KTH Logo

Our upcoming NSDI 2022 paper “Packet Order Matters! Improving Application Performance by Deliberately Delaying Packets”

Our upcoming NSDI 2022 paper Packet Order Matters shows a surprising result: deliberately delaying packets can improve the performance of backend servers by up to about a factor of 2 (e.g., those used for Network Function Virtualization)! This applies to both throughput and latency (including the time spent in our Reframer). We show three different scenarios in which Reframer can be deployed. Source code is available here.

This is joint work with:

Hamid Ghasemirahni, Tom Barbette, Georgios P. Katsikas, Alireza Farshin, Amir Roozbeh, Massimo Girondi, Marco Chiesa, Gerald Q. Maguire Jr., and Dejan Kostić.

Full abstract is below:

Data centers increasingly deploy commodity servers with high-speed network interfaces to enable low-latency communication. However, achieving low latency at high data rates crucially depends on how the incoming traffic interacts with the system’s caches. When packets that need to be processed in the same way are consecutive, i.e., exhibit high temporal and spatial locality, caches deliver great benefits.

In this paper, we systematically study the impact of temporal and spatial traffic locality on the performance of commodity servers equipped with high-speed network interfaces. Our results show that (i) the performance of a variety of widely deployed applications degrade substantially with even the slightest lack of traffic locality, and (ii) a traffic trace from our organization reveals poor traffic locality as networking protocols, drivers, and the underlying switching/routing fabric spread packets out in time (reducing locality). To address these issues, we built Reframer, a software solution that deliberately delays packets and reorders them to increase traffic locality. Despite introducing μs-scale delays of some packets, we show that Reframer increases the throughput of a network service chain by up to 84% and reduces the flow completion time of a web server by 11% while improving its throughput by 20%.

Our PAM 2021 paper: “What you need to know about (Smart) Network Interface Cards”

In our PAM 2021 paper, we study the performance of (smart) Network Interface Cards (NICs) for widely deployed packet classification operations, focusing on four 100-200 GbE NICs from one of the largest NIC vendors worldwide.

We show that the forwarding throughput of the tested NICs sharply degrades when i) the forwarding plane is updated and ii) packets match multiple forwarding tables in the NIC.

Moreover, we uncover that the standard DPDK rule update API realizes slow & non-atomic rule updates using a sequence of rule insertion and deletion operations.

We solve this problem by introducing a direct in-memory rule update mechanism that achieves 80% higher throughput than the standard DPDK rule update API.

This is joint work with Georgios P. Katsikas, Tom Barbette, Marco Chiesa, Dejan Kostic, and Gerald Q. Maguire Jr.

Our Cheetah paper at NSDI 2020: “A High-Speed Load-Balancer Design with Guaranteed Per-Connection-Consistency”

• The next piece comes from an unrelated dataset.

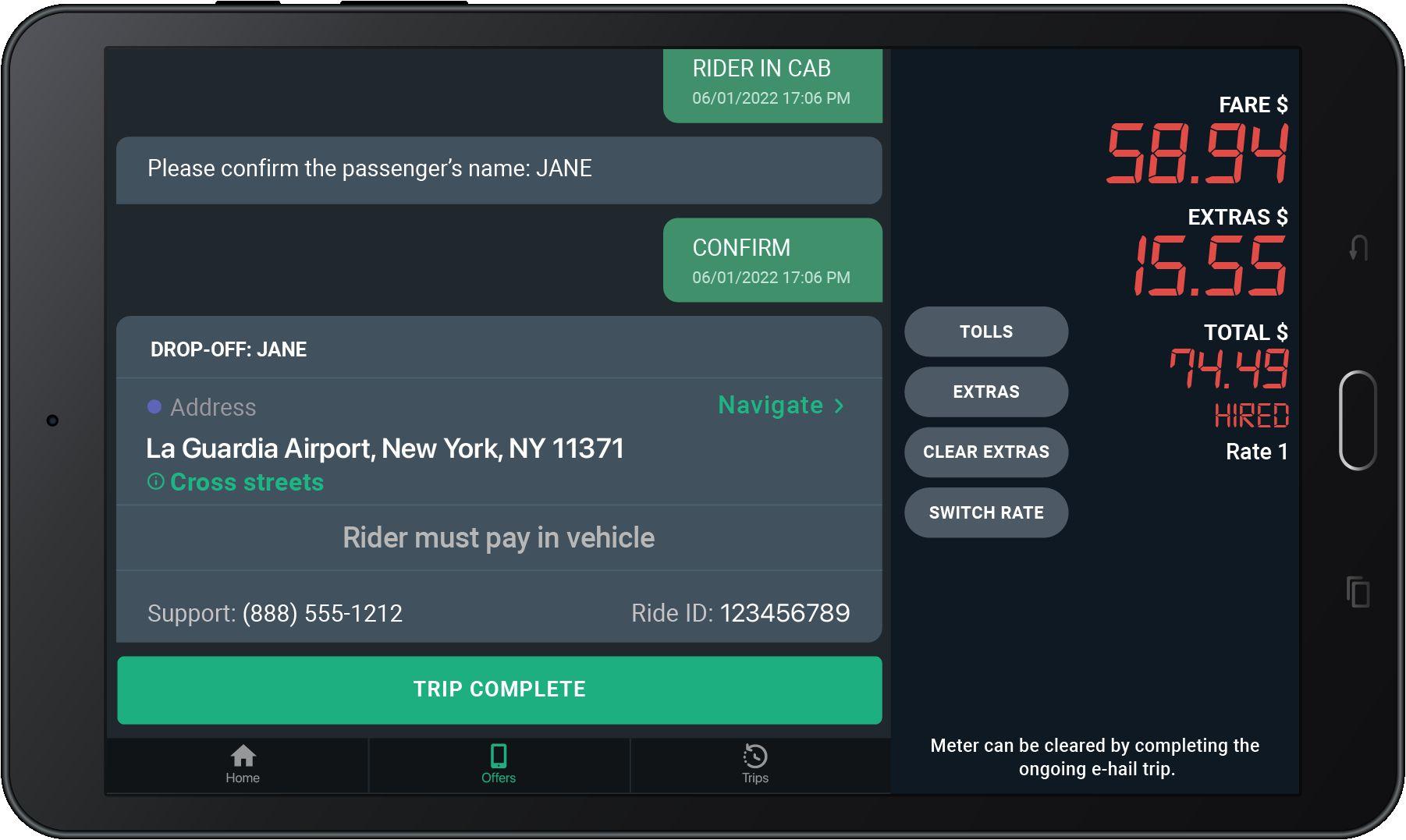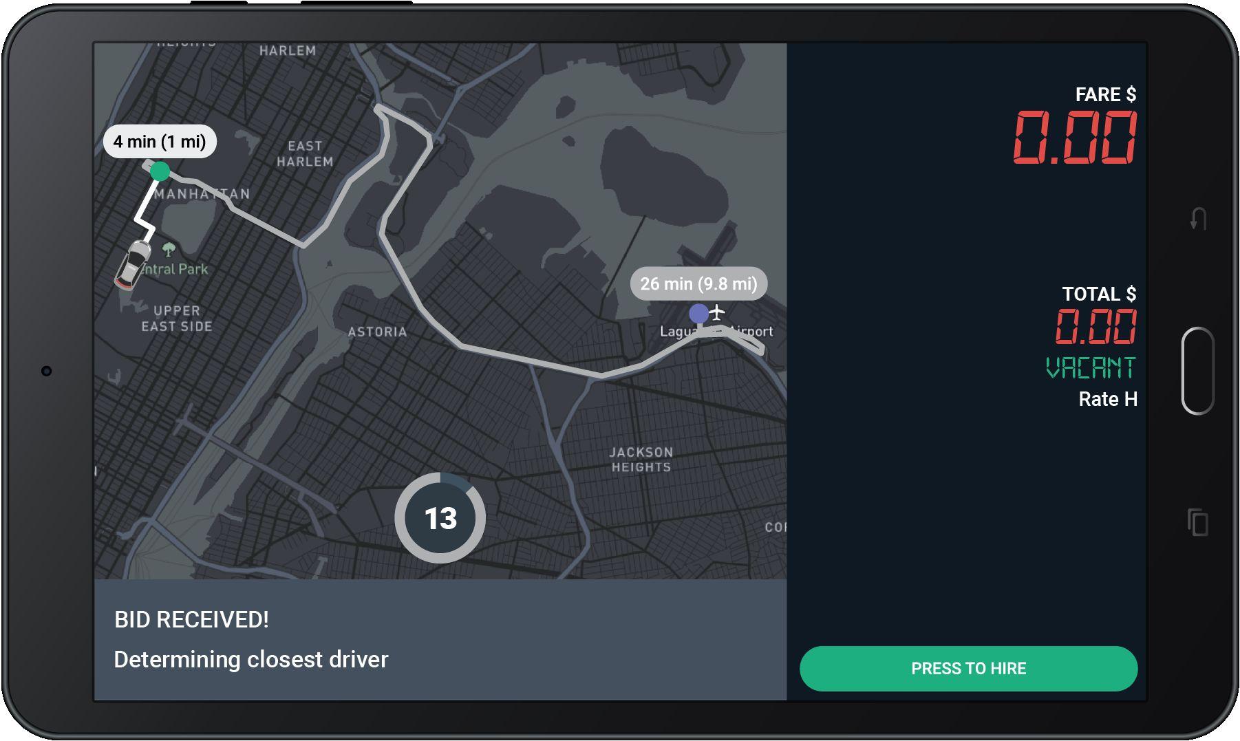 When you get an e-hail, this screen will pop-up in your tablet.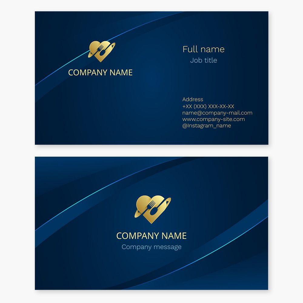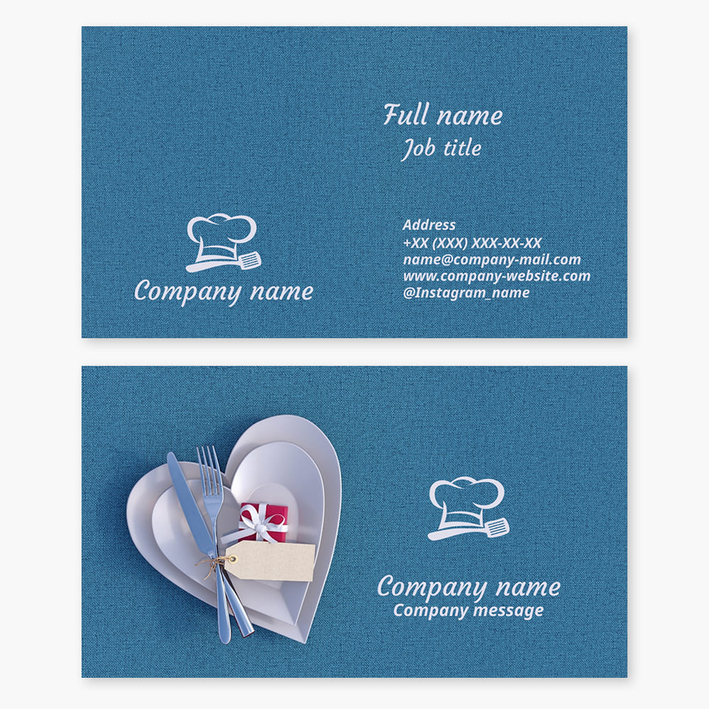 Business card template with a fork, spoon, and heart logo. Restaurant, cafe.

Tom will present our Cheetah paper at NSDI 2020 this February in Santa Clara, CA. This work on load-balancing across multiple servers comes right after our RSS++ paper on intra-datacenter load balancing. The Cheetah paper is available here. This is joint work with Tom Barbette, Chen Tang, Haoran Yao, Dejan Kostić, Gerald Q. Maguire Jr., Panagiotis Papadimitratos, and Marco Chiesa.

The abstract is below:

Large service providers use load balancers to dispatch millions of incoming connections per second towards thousands of servers. There are two basic yet critical requirements for a load balancer: uniform load distribution of the incoming connections across the servers and per-connection-consistency (PCC), i.e., the ability to map packets belonging to the same connection to the same server even in the presence of changes in the number of active servers and load balancers. Yet, meeting both these requirements at the same time has been an elusive goal. Today’s load balancers minimize PCC violations at the price of non-uniform load distribution.

This paper presents Cheetah, a load balancer that supports uniform load distribution and PCC while being scalable, memory efficient, resilient to clogging attacks, and fast at processing packets. The Cheetah LB design guarantees PCC for any realizable server selection load balancing mechanism and can be deployed in both a stateless and stateful manner, depending on the operational needs. We implemented Cheetah on both a software and a Tofino-based hardware switch. Our evaluation shows that a stateless version of Cheetah guarantees PCC, has negligible packet processing overheads, and can support load balancing mechanisms that reduce the flow completion time by a factor of 2-x.

Marco’s presentation at RIPE about unpredictable Internet clouds

At the RIPE meeting in October 2019, our colleague Marco Chiesa presented some of our findings from the study on the effects of recent traffic engineering trends in public Internet. The details are in the RIPE blog post. An excerpt of our findings is shown below.

TCP RTT latency measured between two Amazon VMs deployed in Oregon and Virginia. The black dotted vertical lines highlight moments when RTT latency changed and indicate potential TE activity (such as path changes).